The following article is written by Rev. Tim Waltonen and Rev. Aaron Fuller, members of the Virginia Synod All Inclusive Team, in response to the Aug 6 ELCA Confronting Racism Webcast.

ELCA Confronting Racism, the webcast of 8/6, featuring Presiding Bishop Elizabeth Eaton and Churchwide Council member William Horne II, is now available at www.ELCA.org/webcast.

The conversation between Presiding Bishop Elizabeth Eaton and Churchwide Council member William Horne II on Aug. 6 covered significant ground: the ELCA Social Statement on Race which labels racism as sin; the “disquiet in our country;” and the Pew Research Survey which found the ELCA next to last on their list of the least diverse denominations in the country.

“We live parallel lives,” Bishop Eaton stated. The “color line” (DuBois, 1905) is still with us. We must transgress that division.

“We have structural problems to deal with,” Mr. Horne added.

The Virginia Synod Inclusive Outreach Team over the last decade plus, has been putting these issues before the Synod and will continue to advocate this mission. The Church must thrust itself into the unsettling, reforming work of the Holy Spirit (Fuller blog). We must resist all that ruins life for the children of God, for Jesus came that we all might have life, life in all its fullness (John 10:10). It’s what Pastor Aaron Fuller knows, as he says in his blog, “I belong because in Christ, a place has been made for me” (Fuller Blog).

We know that baptism creates one body, a new creation in the midst of the world’s scandalous divisions. How appropriate then is Bishop Eaton’s inspiration, the Revelation image of the Holy City with people of every land, race, tongue-the multi culture that is heaven! No parallel lives in God’s will, but one people.

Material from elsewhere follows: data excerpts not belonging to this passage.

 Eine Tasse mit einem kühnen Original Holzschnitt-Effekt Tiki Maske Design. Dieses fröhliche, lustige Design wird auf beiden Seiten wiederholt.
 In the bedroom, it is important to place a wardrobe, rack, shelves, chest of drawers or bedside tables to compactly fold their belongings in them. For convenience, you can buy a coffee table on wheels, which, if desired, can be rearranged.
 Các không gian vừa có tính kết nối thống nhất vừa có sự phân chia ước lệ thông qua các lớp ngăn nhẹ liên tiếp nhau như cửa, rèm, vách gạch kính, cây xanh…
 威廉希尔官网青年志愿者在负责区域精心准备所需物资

With Bishop Eaton and Mr. Horne, the AIOT wants our congregations to see their context, come to know their neighborhoods and the people there, and be allies in community efforts to improve life for all. Mr. Horne said it this way: “Think in terms of We not merely I.” These realities are on every congregation’s agenda and in the social conscience and commitment of each member.
Here are several ways that you can work to confront racism in our Synod:

(1) Join the Synod’s All Inclusive Outreach Team. We are seeking liaisons to each Conference to help carry out this confronting of racism. Can each Conference choose a person (clergy or lay) to represent their territory? We have been keeping a schedule of quarterly meetings with assignments or visits or consultations in between. We will of course try to be fair in distance factors in meeting sites.

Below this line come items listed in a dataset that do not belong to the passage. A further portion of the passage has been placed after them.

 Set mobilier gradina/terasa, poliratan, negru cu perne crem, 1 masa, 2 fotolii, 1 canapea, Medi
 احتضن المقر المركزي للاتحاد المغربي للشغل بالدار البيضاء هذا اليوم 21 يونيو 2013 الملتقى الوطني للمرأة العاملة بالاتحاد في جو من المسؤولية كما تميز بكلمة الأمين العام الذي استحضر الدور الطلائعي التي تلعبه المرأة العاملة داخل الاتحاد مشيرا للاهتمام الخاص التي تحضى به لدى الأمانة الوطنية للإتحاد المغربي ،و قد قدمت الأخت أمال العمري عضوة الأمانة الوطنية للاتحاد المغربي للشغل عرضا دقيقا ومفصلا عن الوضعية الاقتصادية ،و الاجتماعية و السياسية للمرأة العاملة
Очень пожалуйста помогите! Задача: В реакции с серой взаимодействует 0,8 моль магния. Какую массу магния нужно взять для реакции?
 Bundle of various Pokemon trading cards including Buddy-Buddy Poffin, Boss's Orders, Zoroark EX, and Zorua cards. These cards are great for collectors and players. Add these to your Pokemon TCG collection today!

(2) Use resource materials prepared by the All Inclusive Outreach Team in your congregations and conferences. Sometimes the resources are team members themselves, invited to Synod council, conference events or congregation outreach committees or councils. We were pleased with the responses we received at Synod assembly regarding some of our materials available at the Team display; a number of people stayed and talked with Team volunteers–Thanks!

(3) Read the news. The Washington Post , for example, has news items about events along the “color line”–witness the coverage of the massacre in Charleston, or just this past Sunday(8/9) , a front page report on the 24 unarmed black victims of police shootings in 2015. On Aug. 5, there was a section A column about falling poll numbers regarding race relations.

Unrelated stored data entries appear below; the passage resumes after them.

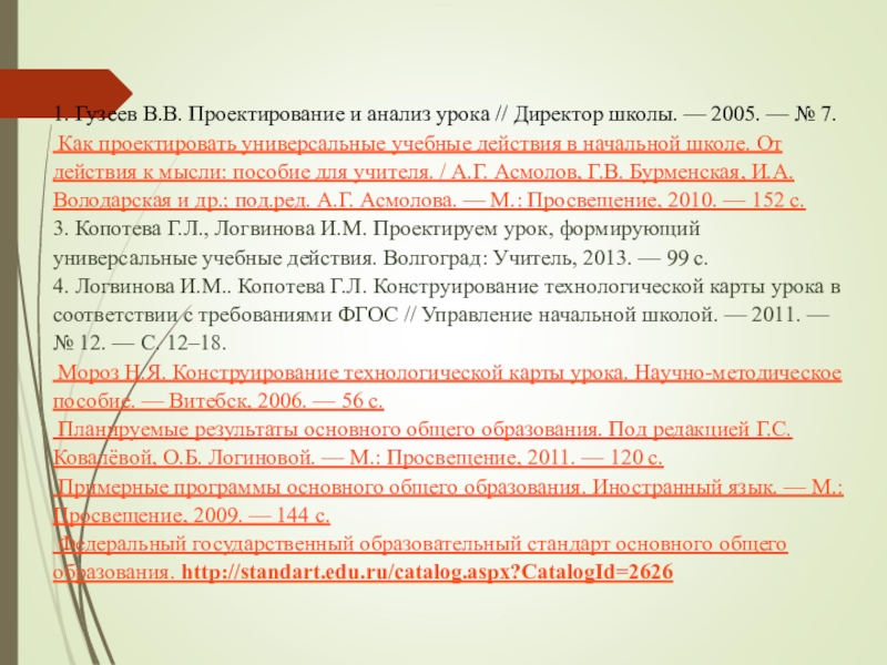3. Копотева Г.Л., Логвинова И.М. Проектируем урок, формирующий универсальные учебные действия. Волгоград: Учитель, 2013. — 99 с.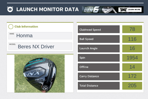Collecting data at Club Champion, I felt like I was swinging pretty well, but a quick glance at my numbers showed my clubhead speed was down.  At home a few hours later, the discomfort in my back confirmed something wasn’t quite right with me.  Despite my shortcomings, the Honma BERES Nx driver performed admirably, chalking up a 1.49 average smash factor.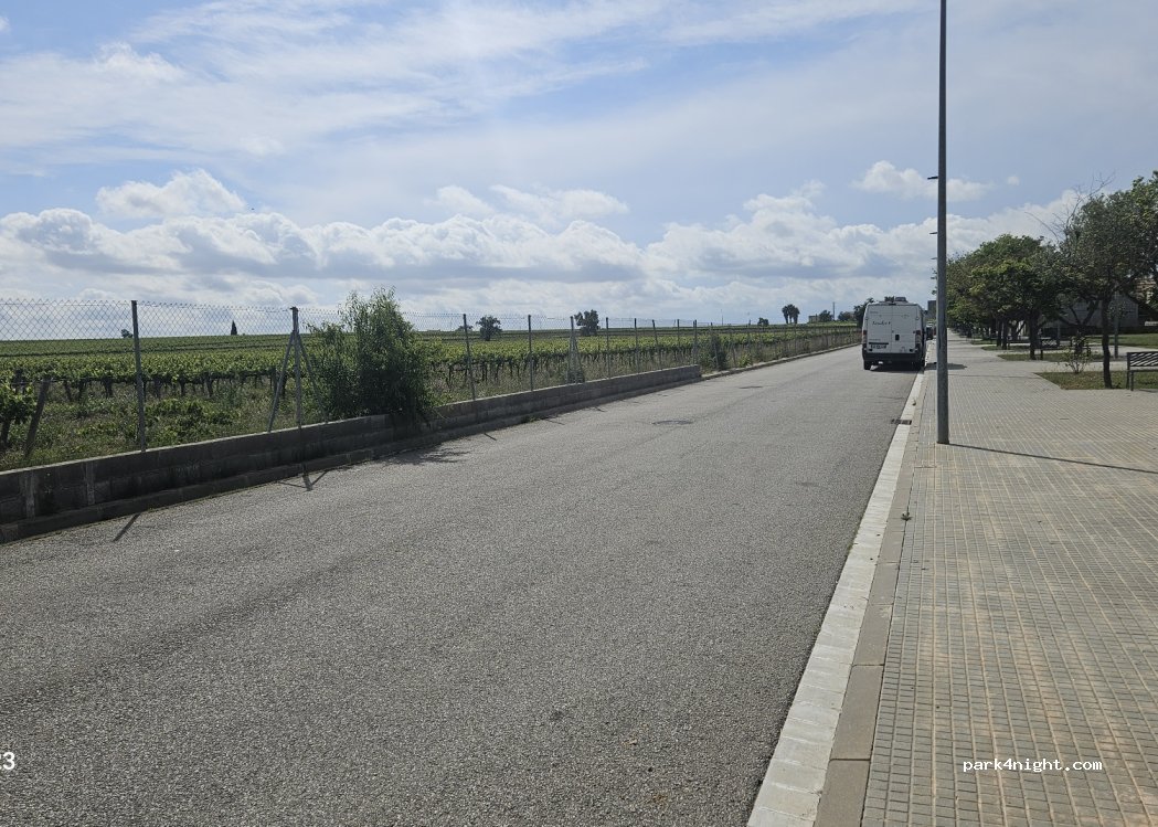 Al borde de un camino muy transitado rodeado de viñedos y un gran césped, bancos y cubo de basura, muy tranquilo, sin prohibición, ideal para pasar el día y visitar el pueblo de al lado, y también perfecto para una noche relajante.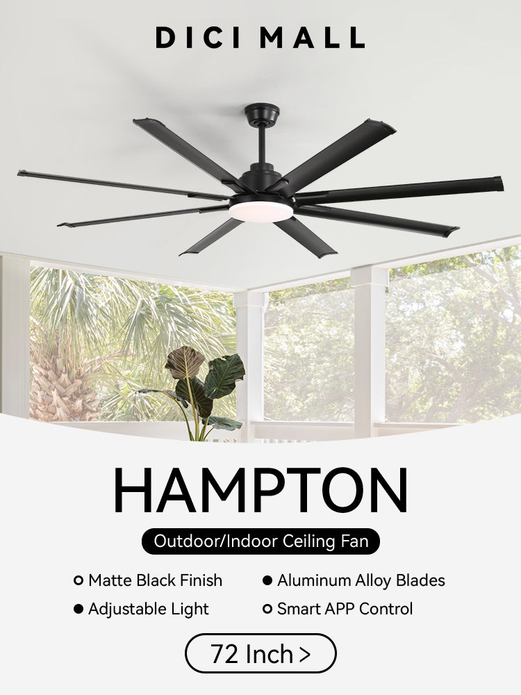 Transform your outdoor spaces with the 72-inch Outdoor Smart Ceiling Fan Light, combining high-performance functionality with modern technology. Designed for large patios, verandas, or covered outdoor areas, this fan provides optimal airflow and lighting, enhancing your outdoor living experience.
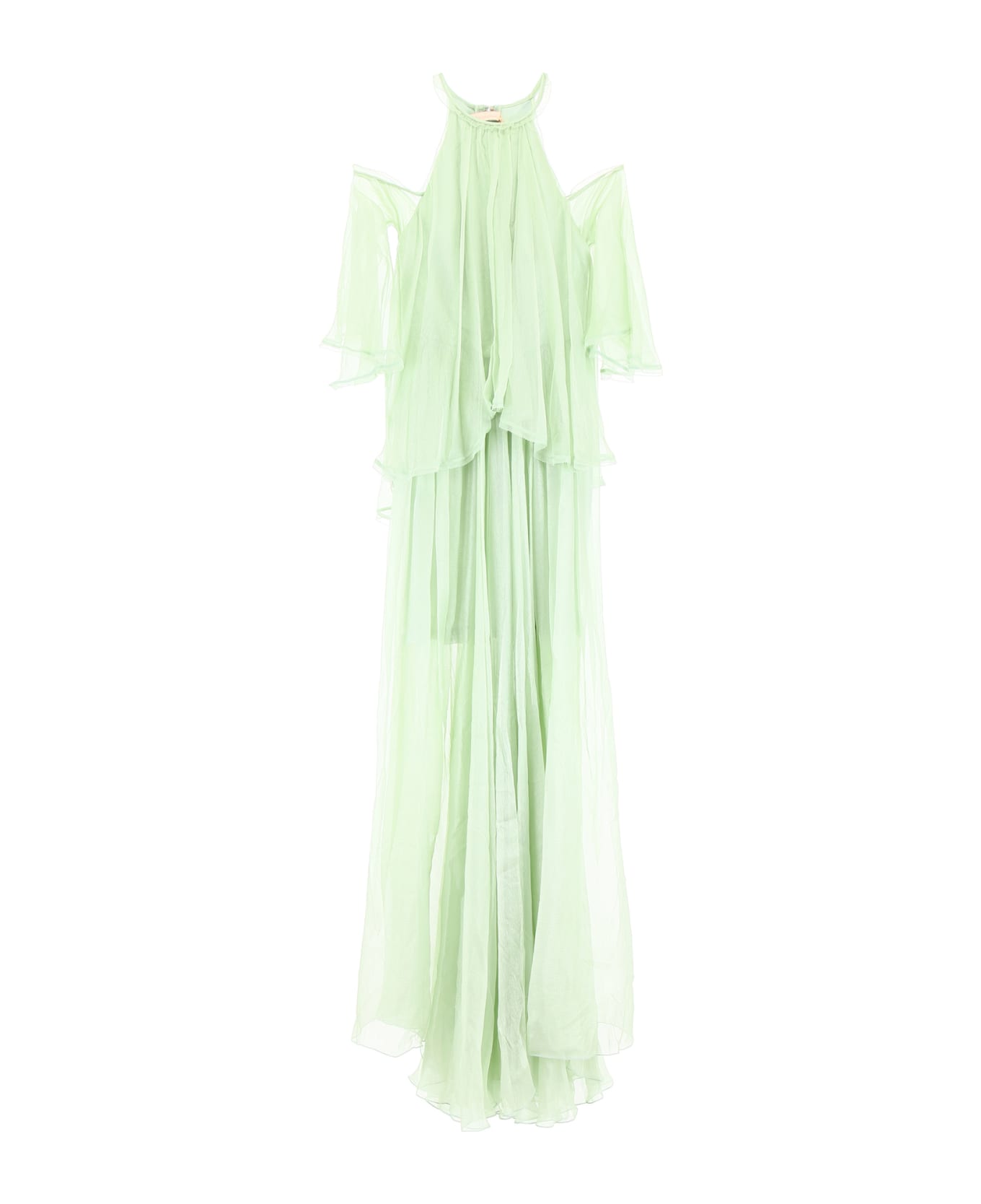 Maria Lucia Hohan silk muslin dress with halterneck and cut-out shoulders. It features back zip closure, ruffled top and partial lining. Model height is 177 cm and she is wearing a size FR 36.

(4) Dig deeper. Aaron Fuller has recommended, for example, God’s Long Summer by UVA’s Charles Marsh which explores a crucial period in civil rights history; Michelle Alexander’s best-seller The New Jim Crow; and Tim is reading Ta-Nehisi Coates’s Between the World and Me, a personal narrative which Nobel Prize winner Toni Morrison has called “required reading.”

(5) Let us know how we can help you and your congregations confront racism. Share some your stories with us about how it is happening in your setting.

(6) Watch for our reports and announcements. We will keep them coming as we, as a synod, keep at this profound mission.

The call goes forth; let us hear what the Spirit is saying to this Church.